Wenn das Haushaltsgeld knapp wird, heißt es, den Gürtel enger schnallen. Das gilt auch für Wasserburg. Doch wo kann gespart werden? Über Lösungsansätze, die für Empörung im Stadtrat sorgten, und den emotionalen Kampf um den richtigen Weg.

Wasserburg - Streichen, kürzen, schieben, strecken: Noch nie war es so schwer, einen Haushalt für die Stadt Wasserburg aufzustellen wie heuer. Denn es sind graue Wolken am Himmel aufgezogen: Die Gewerbesteuereinnahmen brechen laut den Prognosen um 1,5 Millionen Euro auf neun Millionen Euro ein. Die Ausgaben für Energie, Sachaufwand und Personal sind stark gestiegen. Der Haushalt mit einem Gesamtvolumen von 56 Millionen Euro wurde laut Bürgermeister Michael Kölb (SPD) „auf Kante genäht“. Finanziellen Spielraum gibt es kaum. Auch der Bericht des Kämmerers zeigte auf, wo es hakt: „Wir haben ein Ausgabenproblem“, so Konrad Doser. Ein Beispiel: Die Personalkosten stiegen von 2014 bis 2022 um 25 Prozent auf über neun Millionen Euro.

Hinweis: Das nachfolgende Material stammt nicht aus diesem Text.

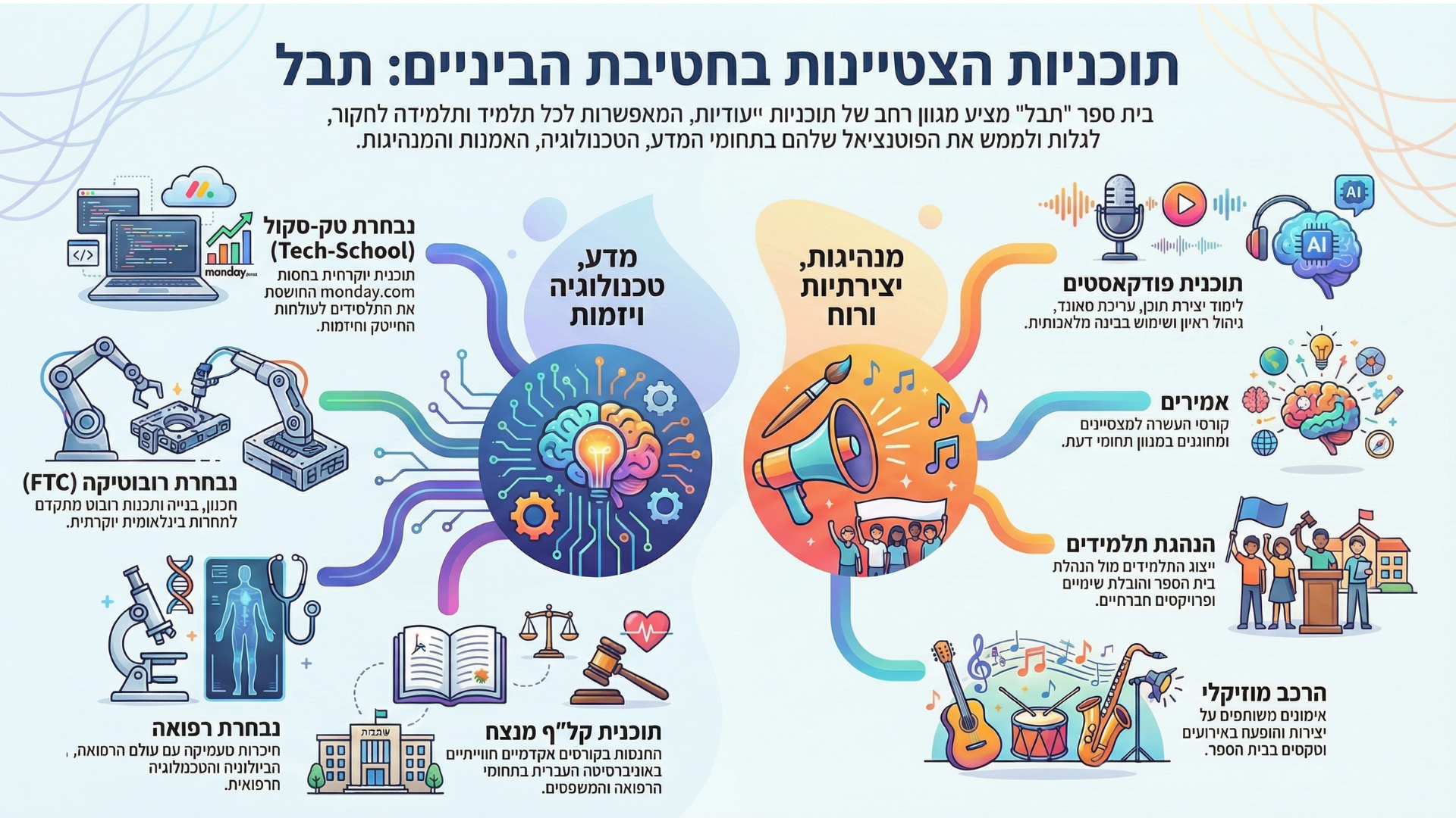 מעבר להישגים לימודיים, אנו שמים דגש רב על פיתוח אישי וחברתי. בית הספר מציע מגוון עשיר של תוכניות חברתיות, פעילויות העשרה, חוגים ויוזמות קהילתיות, המעודדות את התלמידים לפתח מיומנויות חברתיות, לגלות תחומי עניין חדשים ולקחת חלק פעיל בחיי בית הספר והקהילה. אנו מאמינים כי חוויות אלו יוצרות שייכות, משמעות וחיבור אנושי.
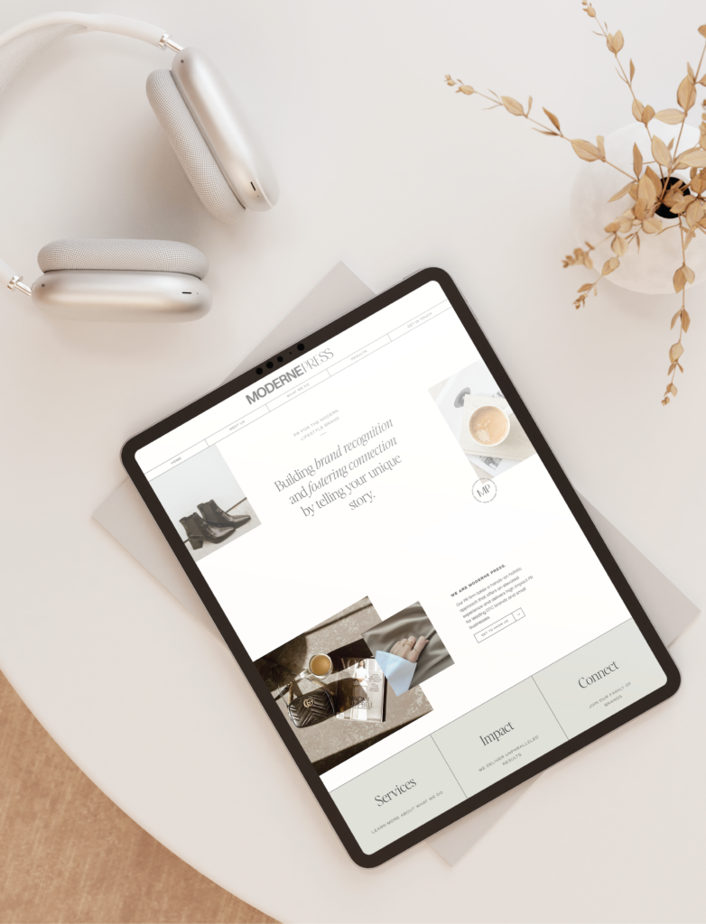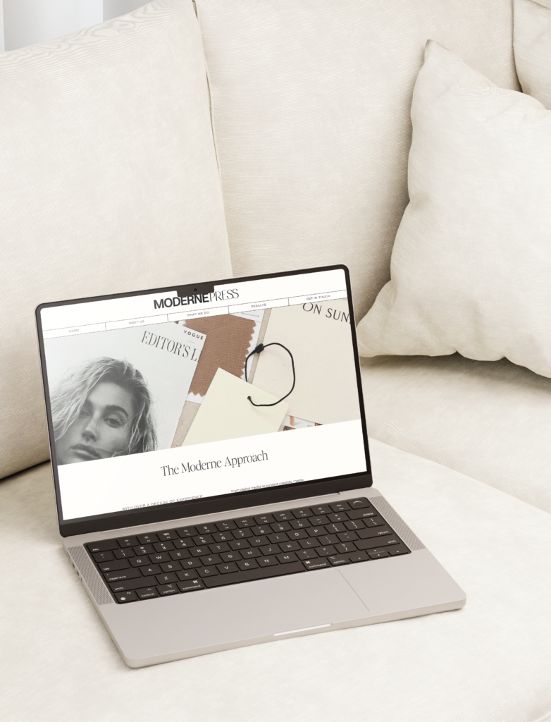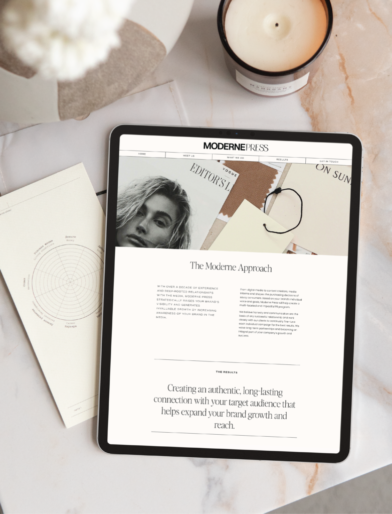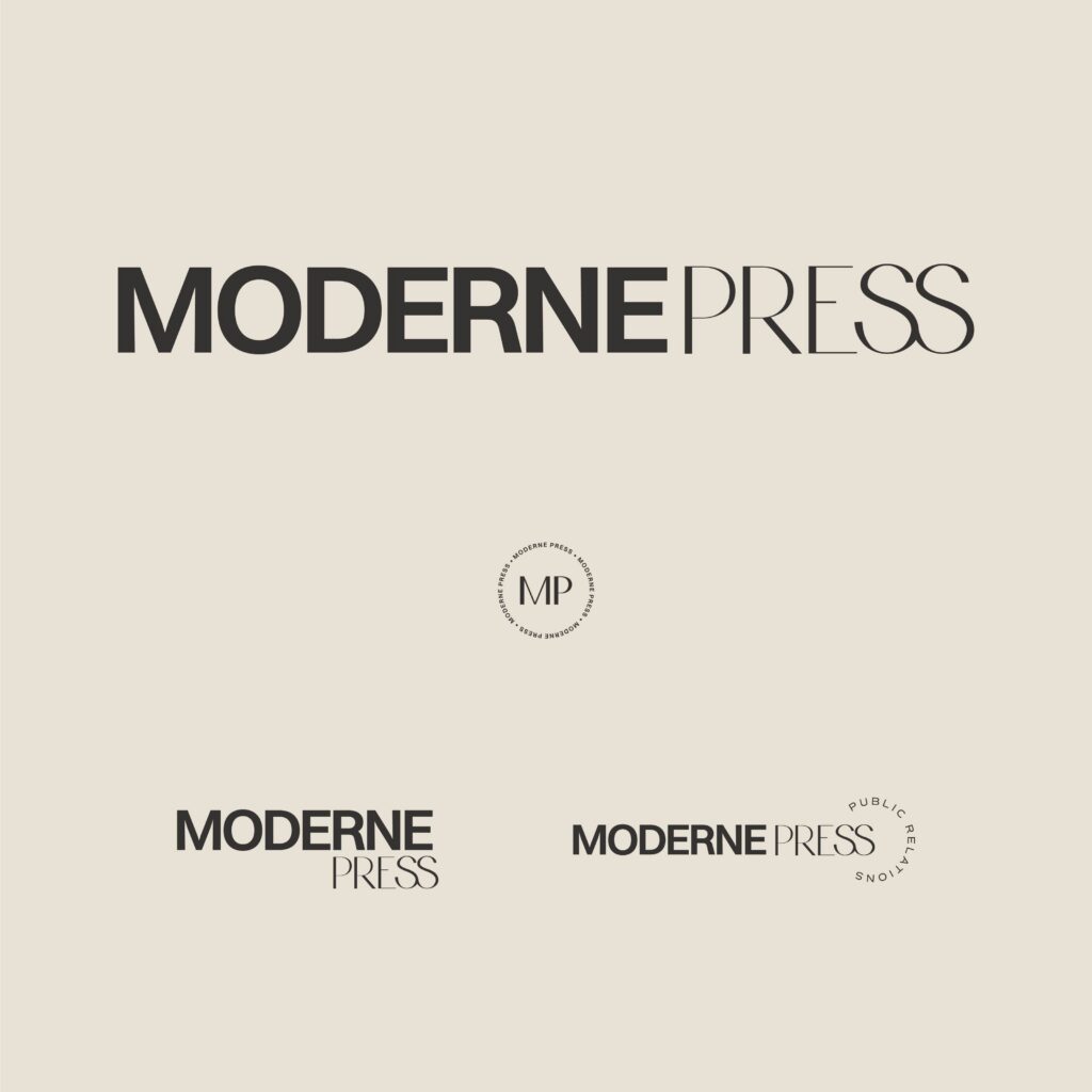 The vision for Moderne Press is to employ a primarily female team who are passionate about business and community building that can work one-on-one building relationships and platforms for businesses with a strong mission. We wanted this next chapter of Moderne Press to be a time when they can rise to the top and become a trend-setting, progressive PR agency that consistently works with mid to high-level brands who are looking to disrupt their industries and create strong relationships with the public. With innovative ideas and a creative mindset, Moderne Press is media-focused, elevated, editorial, and energetic. We deployed these objectives through 3 key visual themes: editorial chic, modern business, and urban cool. We decided to lean hard into the shared love of fashion that both New York and California adopt so effortlessly. We can either downplay the style for relatability or elevate for professionalism, giving the brand more flexibility and adaptability based on market trends. We wanted to create a brand that felt modern and professional but also stylish and aspirational. It’s a mix of trend-worthy visuals with strong, timeless design that makes the agency feel strong while giving each agent a progressive, relatable aura.

Die wichtigsten Eckdaten des Wasserburger Haushalts auf einen Blick.
Die wichtigsten Eckdaten des Wasserburger Haushalts auf einen Blick. © Klinger/OVB

2024 werden die grauen Wolken am Finanzhimmel eine noch düstere Farbe annehmen: Dann erwartet die Stadt eine deutlich höhere Umlage, die an den Landkreis zu zahlen ist. Und es geht los mit den ersten Großprojekten: Mindestens 30 Millionen Euro wird die Kommune, so hat es der Stadtrat beschlossen, bis 2026 unter anderem in das neue Feuerwehrhaus, den neuen Wertstoffhof, die Erweiterung der Grundschule, in die Kläranlagenmodernisierung, das geförderte Wohnbauprojekt an der Essigfabrik und weitere Großmaßnahmen stecken müssen.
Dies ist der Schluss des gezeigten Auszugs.